Per-Chat Model Routing Each conversation is its own channel targeting a specific backend. Run Claude for complex coding, Grok for web research, and a local model for quick questions — all simultaneously, all in the same app. The server routes each chat independently.

The Memory System (Subconscious)¶

This is what separates Apex from every other chat wrapper. The AI remembers you across sessions, across models, across restarts.

APEX.md + MEMORY.md Injection Project instructions (APEX.md) and accumulated knowledge (MEMORY.md) are automatically loaded into every new session. Every model — Claude, Grok, local — sees the same instructions and memory. You define your rules once; every model follows them.

Embedding Index (Gemini Embedding 2) All memory files and conversation transcripts are indexed with 3072-dimensional vectors using Google's Gemini Embedding 2. The index updates incrementally — only changed files get re-embedded. Hybrid recall combines BM25 keyword matching with cosine similarity for semantic search.
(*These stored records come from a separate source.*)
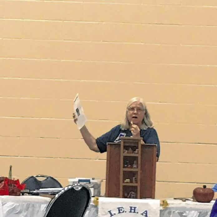 Eighty members of the Madison District of the Indiana Extension Homemakers Association met at the Hope Monravian Church on Sept. 13. Bartholomew County Extension Homemakers hosted the event. Anne Moore, pictured, who is IEHA state president, updates the Madison District members on the current news from the state IEHA and future events planned by the state officers. The guest speaker, Barbara Johnson of Hope, shared a brief history of the Monravian Church and of the town of Hope. Lunch was catered by Willow Leaves of Hope. Submitted photo
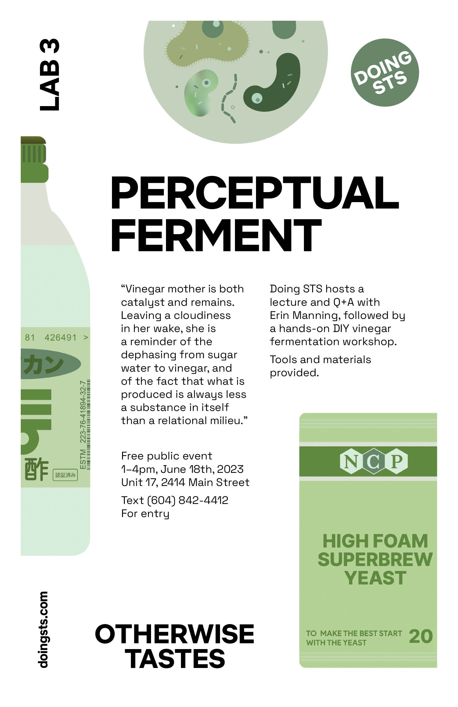 The feel is alive with perceptual ferment. Condiment, preservative, beverage, both culinary and medicinal, the slow-ferment of the age-old practice of making vinegar takes at least 75 days to metabolize the sugar and produce a high enough acid content to be considered acetic. But it is not a hard science. Mostly you go by taste. And in the tasting, there will necessarily be variation, imbued as the process of transduction is with the question of how to ascertain an absence. How to taste sugar’s disappearance? How to feel what has dephased into its difference from itself? How to recognize the turn the mixture has taken as complete?
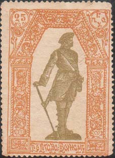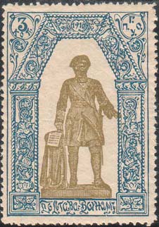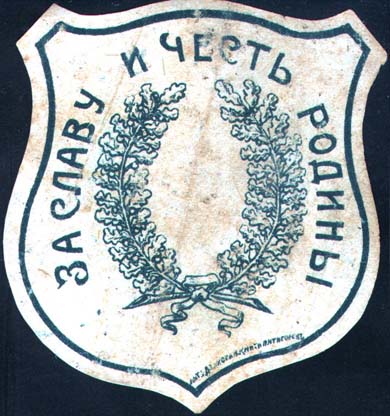 1917(?) г. Виньетка в виде щитка сложной формы разм. 63 х 71 мм. Одноцветная печать на тонкой белой бумаге. В фигурной рамке, повторяющей контуры щитка в центре венок из двух дубовых веток. По окружности текст: «За славу и честь Родины». Слева внизу с внутренней стороны рамки мелким шрифтом выходные данные: «Лит. Дзакова и Кмата, Пятигорск».
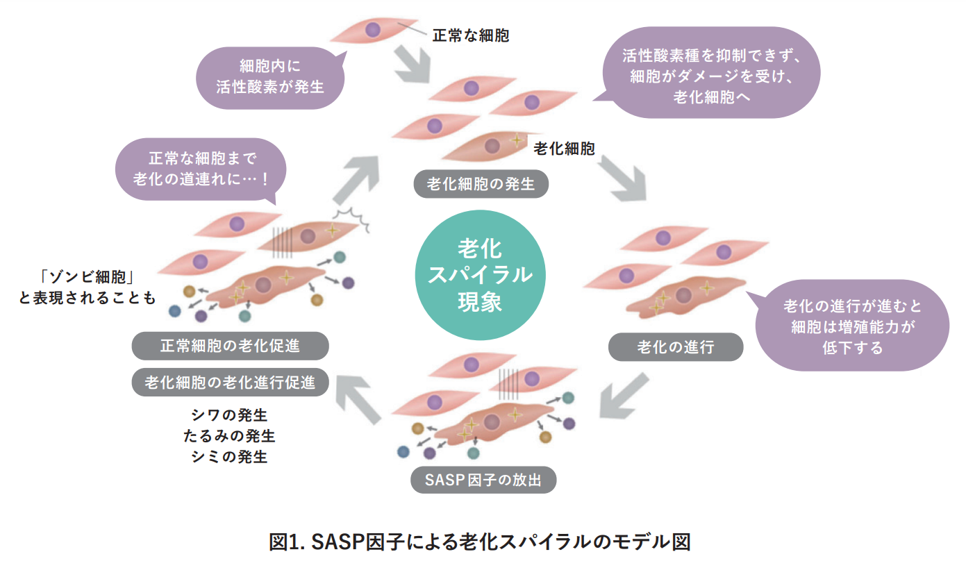 近年、真皮の老化モデルにおいて、SASP因子による老化スパイラルという考え方が広まってまいりました。SASP は、細胞老化随伴分泌現象(Senescence-Associated Secretory Phenotype)とも呼ばれ、生体内での細胞老化に 伴って、その老化した細胞から分泌され、他の正常な細胞を老化に導いてしまう現象が知られてきました。

This powers both the /recall skill and the whisper system.

Whisper Injection (Automatic Context Recall) On each message you send, the server silently searches the embedding index for memories relevant to your current topic. Matching memories are injected into the prompt before your message reaches the model. The AI "remembers" conversations from weeks ago without you asking. You might ask about Plan M and the AI already knows your risk parameters, DTE preferences, and the last screener results — because the whisper system found and injected those memories.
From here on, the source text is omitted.